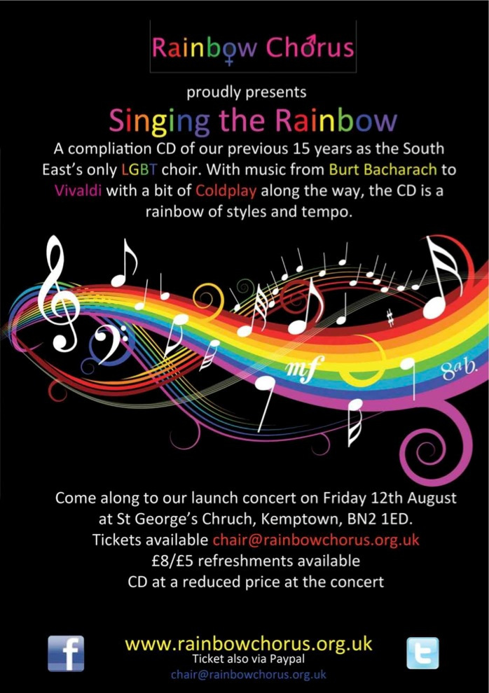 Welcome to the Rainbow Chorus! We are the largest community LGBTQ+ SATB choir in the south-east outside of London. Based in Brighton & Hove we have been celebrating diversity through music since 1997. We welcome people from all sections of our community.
---
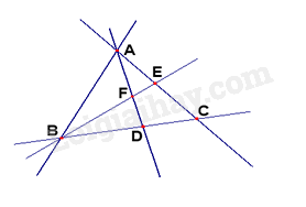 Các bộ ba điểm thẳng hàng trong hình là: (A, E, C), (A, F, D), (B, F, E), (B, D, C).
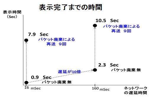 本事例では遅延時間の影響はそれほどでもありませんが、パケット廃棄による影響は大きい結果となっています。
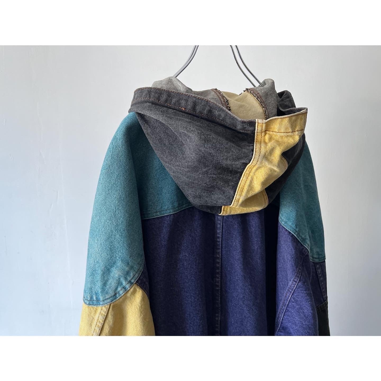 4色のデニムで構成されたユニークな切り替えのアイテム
--
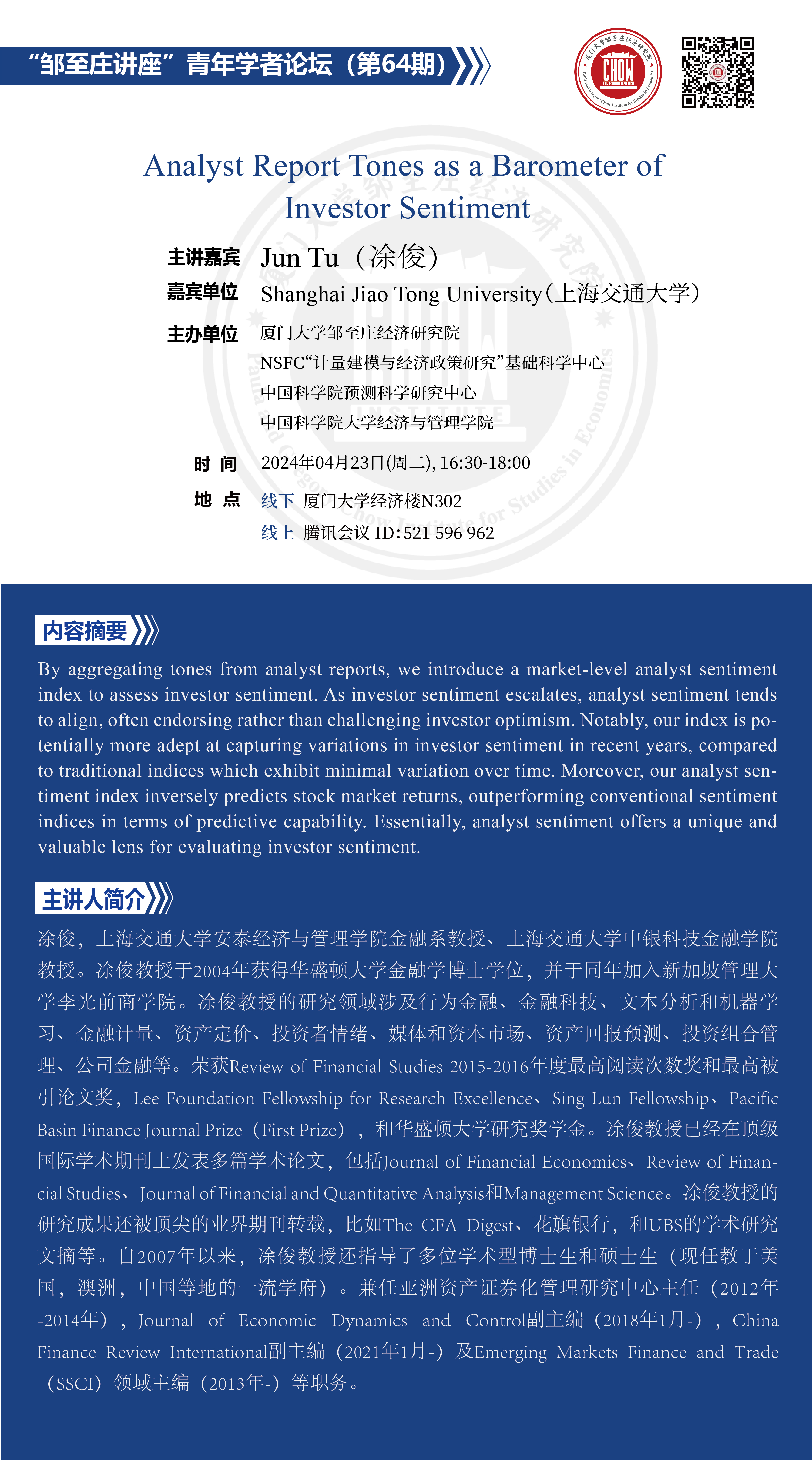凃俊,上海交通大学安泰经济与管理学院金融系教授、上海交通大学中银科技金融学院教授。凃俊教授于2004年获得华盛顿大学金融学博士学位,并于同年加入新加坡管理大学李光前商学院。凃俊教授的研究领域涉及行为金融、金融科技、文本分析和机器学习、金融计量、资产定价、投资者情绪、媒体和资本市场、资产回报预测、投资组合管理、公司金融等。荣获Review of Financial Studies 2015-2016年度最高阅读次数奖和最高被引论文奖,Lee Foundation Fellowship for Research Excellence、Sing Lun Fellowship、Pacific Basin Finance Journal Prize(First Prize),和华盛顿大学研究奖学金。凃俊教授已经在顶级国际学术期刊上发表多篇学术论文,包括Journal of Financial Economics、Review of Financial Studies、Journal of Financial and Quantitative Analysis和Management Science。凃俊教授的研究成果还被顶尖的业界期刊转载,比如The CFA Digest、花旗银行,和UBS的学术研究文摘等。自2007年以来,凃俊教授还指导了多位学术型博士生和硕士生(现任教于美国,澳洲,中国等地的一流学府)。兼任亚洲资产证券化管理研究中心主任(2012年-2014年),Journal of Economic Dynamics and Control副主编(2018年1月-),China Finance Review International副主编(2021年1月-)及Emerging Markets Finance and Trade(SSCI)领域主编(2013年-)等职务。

EXERCISE OBJECTIVE ▸ Although pictures appear among the entries, please set down only the lines from the one with "Các bộ ba điểm" up to and including the one with "4色のデニムで構成されたユニークな切り替えのアイテム", word for word.

SOLUTION FOR THIS PROBLEM ▸
 Các bộ ba điểm thẳng hàng trong hình là: (A, E, C), (A, F, D), (B, F, E), (B, D, C).
 本事例では遅延時間の影響はそれほどでもありませんが、パケット廃棄による影響は大きい結果となっています。
 4色のデニムで構成されたユニークな切り替えのアイテム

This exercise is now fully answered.